The Village of Lower Hardres
There is an Upper Hardres (pronounced, like it's nether neighbour, Hards) as well. They are both just east of the distinctively Roman Stone Street which, except for a rather curious kink around Horton Park at the south end, runs arrow straight due south from just outside Canterbury to within a couple of miles of Hythe.
But despite their origins, the two are separate and distinct villages. Lower Hardres is perhaps less visually favoured than Upper Hardres, with a 19th century church. Pevsner described the church as 'conceived, outside anyway, as a humble village church, and imaginative leap before Pugin's example made such attention to appropriateness commonplace.'
Lower Hardres featured in the first reported case of the wrecking of steam threshing machines in Kent during the 'Captain Swing' disorders in 1830. Two magistrates and a posse of constables backed up by thirty dragoons were sent out from Canterbury to try to catch the gang of about four hundred wreckers, but without success.
It was at Lower Hardres, too, that a rather curious little incident was reported at Christmas 1859 that had to do with the old Kent custom of hoodening. Percy Maylam, in his book Hooden Horse, published in 1909, said in bygone days it was probable that the hooden horse was to be found at Christmas in every village and hamlet and on every large farm in East Kent. By this time, though, it had died out almost everywhere, surviving only in Thanet and Walmer.
The custom was for hoodeners to go from house to house collecting (demanding with menaces might well be the term we would use today) money or goodies for a Christmas feast. The band was made up of a Waggoner with whip who led the horse, the Rider, who tried always unsuccessfully to get upon the Horse's back, and Mollie, a man in 'drag' who went behind the Horse with a besom broom.
The Horse was a man, known as the Hoodener, who held a usually rather crudely carved wooden horse's head on a stick. Attached to the head was a sort of hood of coarse sacking which more or less hid the man. The head itself was made so that the man could jerk a piece of string to make the loosely hinged jaws open and shut with a vicious clacking sound. Sometimes the jaws were lined with nails to represent teeth and altogether the creature was pretty fearsome.

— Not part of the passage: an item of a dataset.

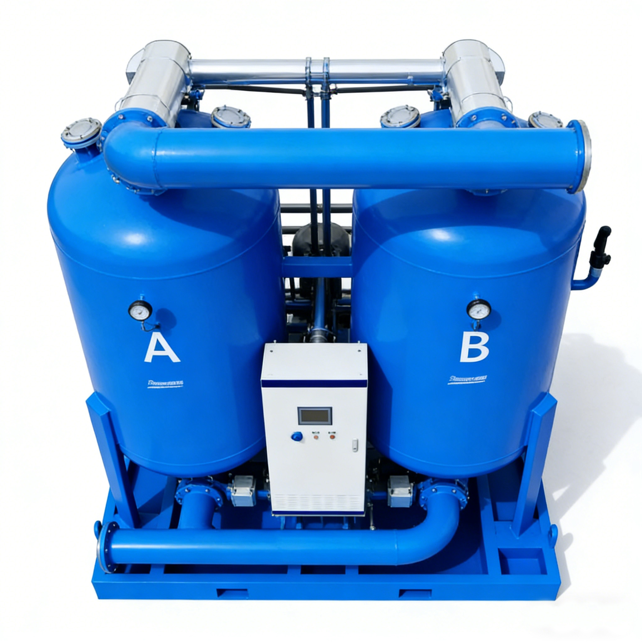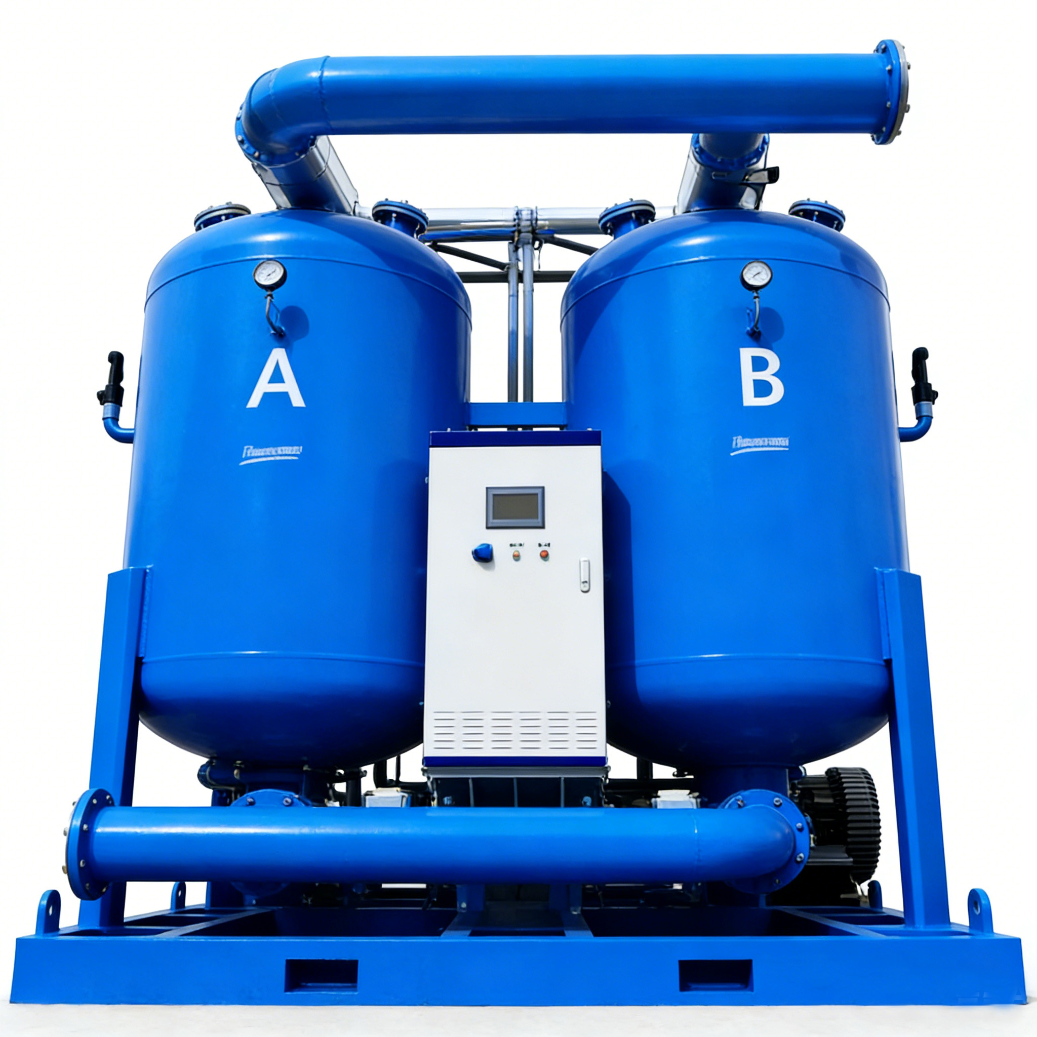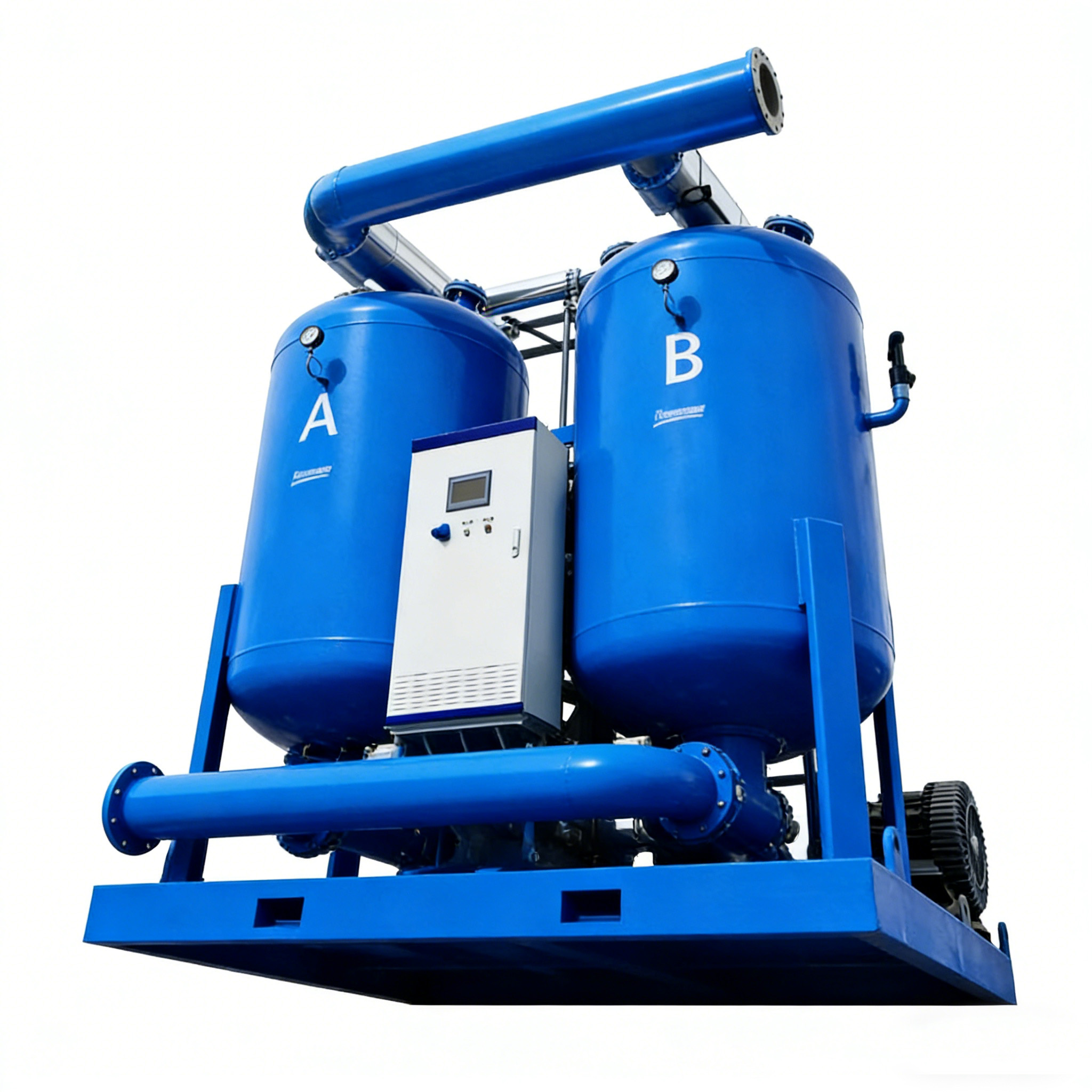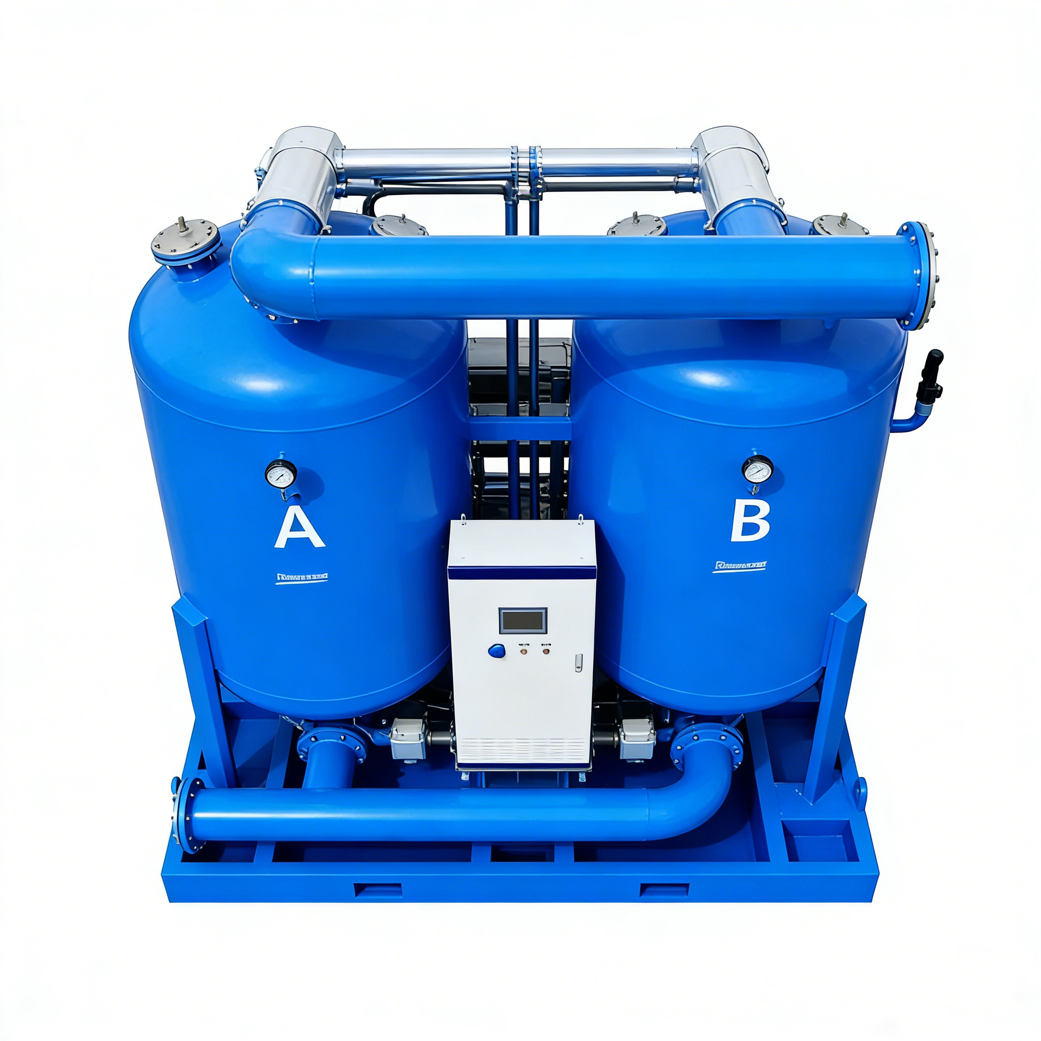 The Industrial Blower Zero-Loss Air Dryer is a high-efficiency compressed air purification device designed based on the principle of temperature and pressure swing adsorption. It features high-quality molecular sieve and activated alumina adsorbents, paired with a dual-tower alternating operation structure. The equipment achieves zero air consumption and zero heat consumption operation by utilizing the blower’s hot air regeneration technology, capable of deeply removing moisture from compressed air and delivering stable dew point clean and dry air. It effectively prevents issues such as pipeline corrosion and pneumatic component failures, providing reliable air supply assurance for industrial production and is widely adaptable to various high-demand industrial air source treatment scenarios.

The whole performance was known as hoodening, and it was accompanied bu some fairly licenced horse-play and rustic ribaldry.
Maylam himself dismissed suggestions that the ritual was descended from some Saxon Woden worship rites and thought it had more to do with morris dancing. However, the custom came under censure from the church, which saw it as a pagan survival that ought not to be encouraged, and it lost a lot of support from ordinary people too when it became rather too robust a frolic for comfort.
His story concerned the visit in 1859 of a group of hoodeners to Lower Hardres Rectory, where a German and his wife were spending Christmas with the rector. The German lady was an invalid and has not walked for seven years. She was wheeled out to the lawn in her invalid chair to see the hoodeners' performance and when the Horse (a man named Henry Brazier) pretended to jump at her, the jaws snapping viciously close to her face, the lady was so frightened that she sprang out of her chair and ran indoors, and was able to walk perfectly well from then on/
The story ended that her husband was so delighted that when the hoodening season was over he bought the Horse and took it back with him to Germany.
The hooden horse is still very much an East Kent custom today and enjoying something of a revival, not just at Christmas time but more especially as an attraction at summer fetes.